Sırat köprüsü ve mahiyeti
27/02/2024 Salı Köşe yazarı O.Ü
Sual: Sırat köprüsü deyince, dünyada bildiğimiz, deniz, nehir üzerine kurulan köprüler gibi mi anlayacağız?
Cevap: Sırat köprüsü deyince, bildiğimiz köprüler gibi sanmamalıdır.

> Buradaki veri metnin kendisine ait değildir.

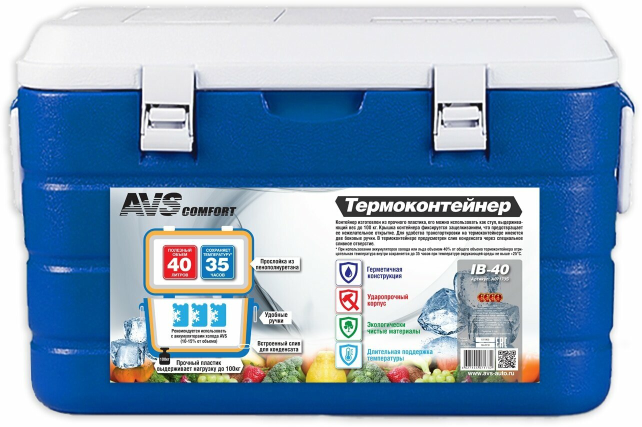 Термоконтейнер AVS (АВС) имеет вместимость 40 литров и долгое время сохраняет продукты холодными и свежими. Корпус контейнера изготавливается из прочно пластика и может использоваться в качестве стула, так как выдерживает вес до 100 кг. Крышка контейнера плотно фиксируется с помощью специальных защелок, а для транспортировки предусмотрены две удобные боковые ручки.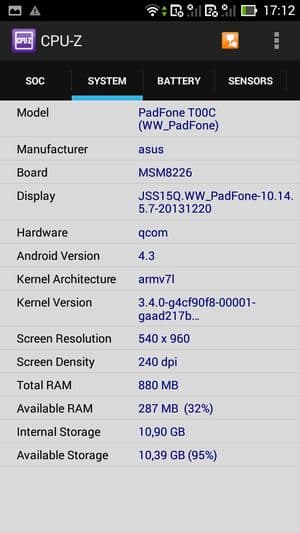 Аппаратная платформа Asus Padfone mini 4.3 строится на базе однокристальной системы (SoC) Qualcomm Snapdragon 400 (MSM8226). Центральный процессор здесь имеет 4 ядра ARM Cortex-A7, работающих на частоте 1,4 ГГц (CPU-Z подтверждает эту частоту). Оперативной памяти в устройстве предусмотрен 1 ГБ, а хранилище, доступное пользователю для загрузки собственных файлов, составляет около 10 ГБ из номинально обозначенных 16 ГБ — остальное ушло на саму систему и приложения. Память можно нарастить за счет карточек microSD объемом до 32 ГБ, а также можно подключить флэш-накопитель через OTG-переходник — аппарат данный режим поддерживает.

Nitekim, sınıf geçmek için, imtihan köprüsünden geçilir diyoruz. Her talebe
imtihan köprüsünden geçer. Hepsi buradan geçtiği için köprü diyoruz. Hâlbuki,
imtihanın, köprüye benzeyen hiçbir tarafı yoktur. İmtihan köprüsünden geçenler
olduğu gibi, geçemeyip, yuvarlananlar da olur. Fakat bu, köprüden denize
yuvarlanmaya benzemez. İmtihan köprüsünün nasıl olduğunu, buradan geçenler
bilir. Sırat köprüsünden de herkes geçecek, bazıları da geçemeyip Cehenneme
yuvarlanacaktır. Fakat, bu köprü ve buradan geçmek ve Cehenneme düşmek, dünya
köprüleri gibi ve imtihan köprüsü gibi değildir. Bunlara hiç benzemez. Sırat
köprüsü vardır. Müminler, bu köprüden geçip, cennete gidecek, kâfirler ise,
cehenneme düşeceklerdir.
Sual: Zamanımızda, küfre, harama, günaha düşmemek neredeyse imkânsız gibi
olmuştur. Bu durumda ne yapmalıdır?
Cevap: Her Müslümanın birinci vazifesi nefsine uymamaktır. Nefis, insanın en
büyük düşmanıdır. İnsanın imanını yok etmek ister ve bundan zevk alır. Allahü
teâlânın ve Peygamber efendimizin (sallallahü aleyhi ve
sellem) emirlerinden ve yasaklarından birisinin bile doğru, faydalı
olduğunda şüphe edenin imanı gider, kâfir olur. Kâfir, Cehennemde sonsuz
kalacaktır. Sonsuz olarak azapta kalmanın ne demek olduğunu insan
düşünse, korkudan uykusu kaçar, yemekten, içmekten kesilir. Hiçbir dünya zevki
gözüne görünmez. Küfrün cezası çok ağır, çok korkunç ise de, küfürden ve
günahlardan kurtulmak da çok kolaydır. Bunun biricik çaresi, imanını
tazelemektir. Bunun da en kolay yolu, her akşam yatarken, üç kerre;
“Estagfirullahel'azîm” okumaktır. Manasını düşünerek okumak lazımdır. Bunun
manası; “Ya Rabbî, beni affet” demektir. Allahü teâlâ, tövbeleri kabul
edeceğini vadetmiştir. Yalnız, tövbenin kabul olması için, namaz borcu ve kul
hakkı olmamak lazımdır. Bir namaz borcu olan, bunu kaza etmedikçe, tövbesi
kabul olmaz. Cehennemde yanmakdan kurtulmak için, ölmeden evvel namaz borcundan
ve kul hakkından kurtulmak lazımdır. Hiçbir hayırlı iş insanı bu azaptan
kurtaramaz. İbni Teymiyye ve benzerlerinin kurtarır demesine aldanmamalıdır.